When profiling code at the the assembly instruction level, what does the position of the instruction pointer really mean given that modern CPUs don't execute instructions serially or in-order? For example, assume the following x64 assembly code:

mov RAX, [RBX];         // Assume a cache miss here.
mov RSI, [RBX + RCX];   // Another cache miss.             
xor R8, R8;        
add RDX, RAX;           // Dependent on the load into RAX.
add RDI, RSI;           // Dependent on the load into RSI.

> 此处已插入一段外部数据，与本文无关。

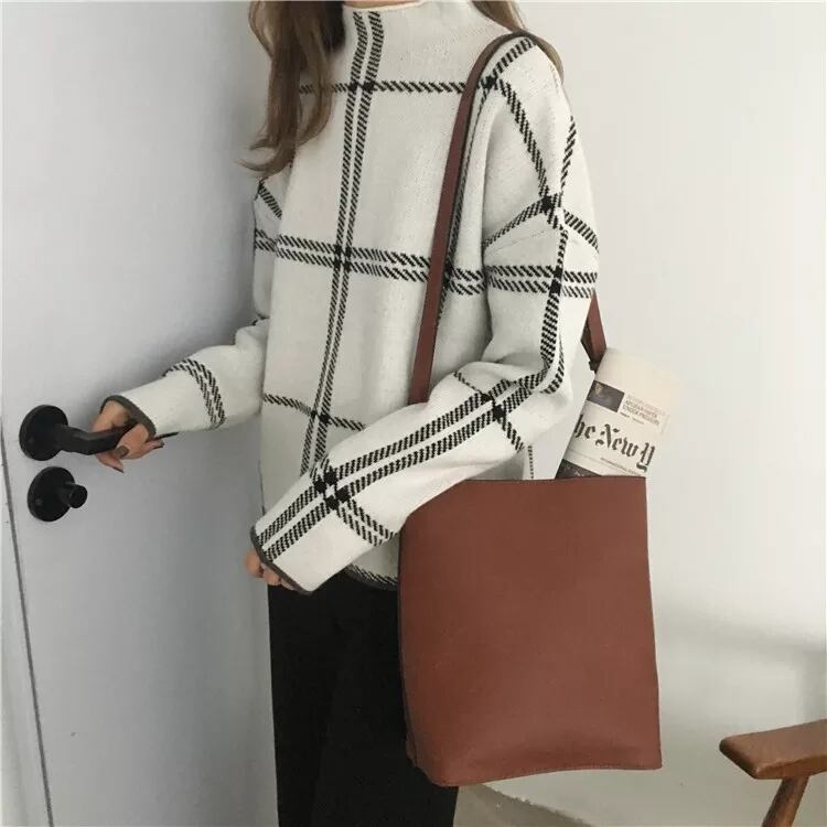 2019 イン冬の新女性のプルオーバーセーターのファッションチェック柄タートルネックルーズニットフル袖 T98301D トップス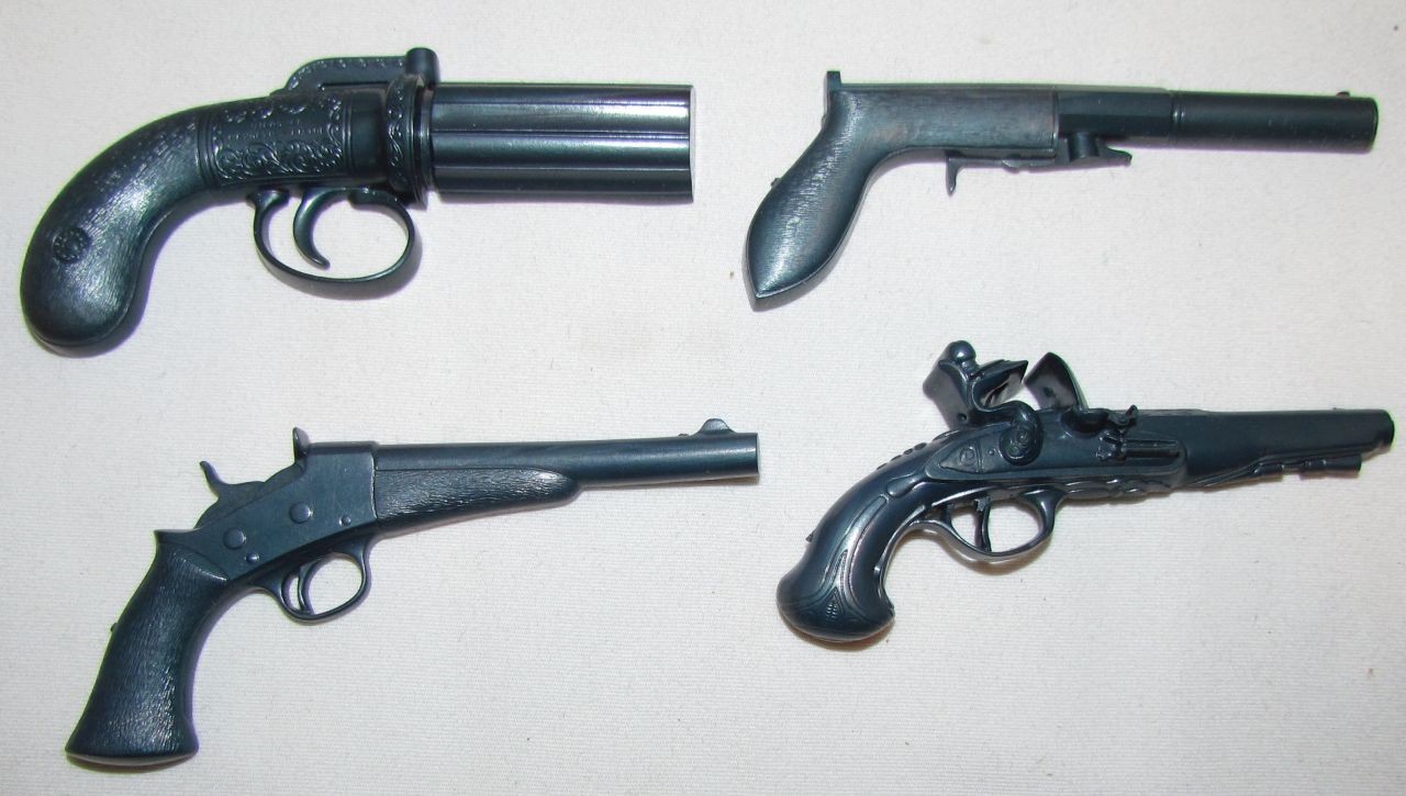 1957 Kellogg's Famous Guns of History Cereal Premiums, 4 different with box back

这指令的指令指针花大部分的时间？我能想到的很好的理由为他们所有人：

Which instruction will the instruction pointer spend most of its time on? I can think of good arguments for all of them:

• MOV RAX，[RBX] 正在采取可能的周期100秒，因为它是一个高速缓存未命中。
• MOV RSI，[RBX + RCX] 也需要周期100秒，但可能与previous指令并行执行。是什么甚至意味着指令指针是在一个或另一个的这些？
• XOR R8，R8 可能执行乱序并完成了内存加载完成之前，但指令指针可能会留在这儿，直到所有previous说明也完成了。
• 添加RDX，RAX 产生流水线停顿，因为它的指令，其中的值 RAX 之后，实际使用一个缓慢的高速缓存未命中加载到它。
• 添加RDI，RSI 还摊上，因为它是依赖于负载为 RSI 。

• mov RAX, [RBX] is taking probably 100s of cycles because it's a cache miss.
• mov RSI, [RBX + RCX] also takes 100s of cycles, but probably executes in parallel with the previous instruction. What does it even mean for the instruction pointer to be on one or the other of these?
• xor R8, R8 probably executes out-of-order and finishes before the memory loads finish, but the instruction pointer might stay here until all previous instructions are also finished.
• add RDX, RAX generates a pipeline stall because it's the instruction where the value of RAX is actually used after a slow cache-miss load into it.
• add RDI, RSI also stalls because it's dependent on the load into RSI.

推荐答案

处理器保持了小说，目前只有建筑寄存器（RAX，RBX等），并有特定的指令指针（IP）。程序员和编译器针对这种小说。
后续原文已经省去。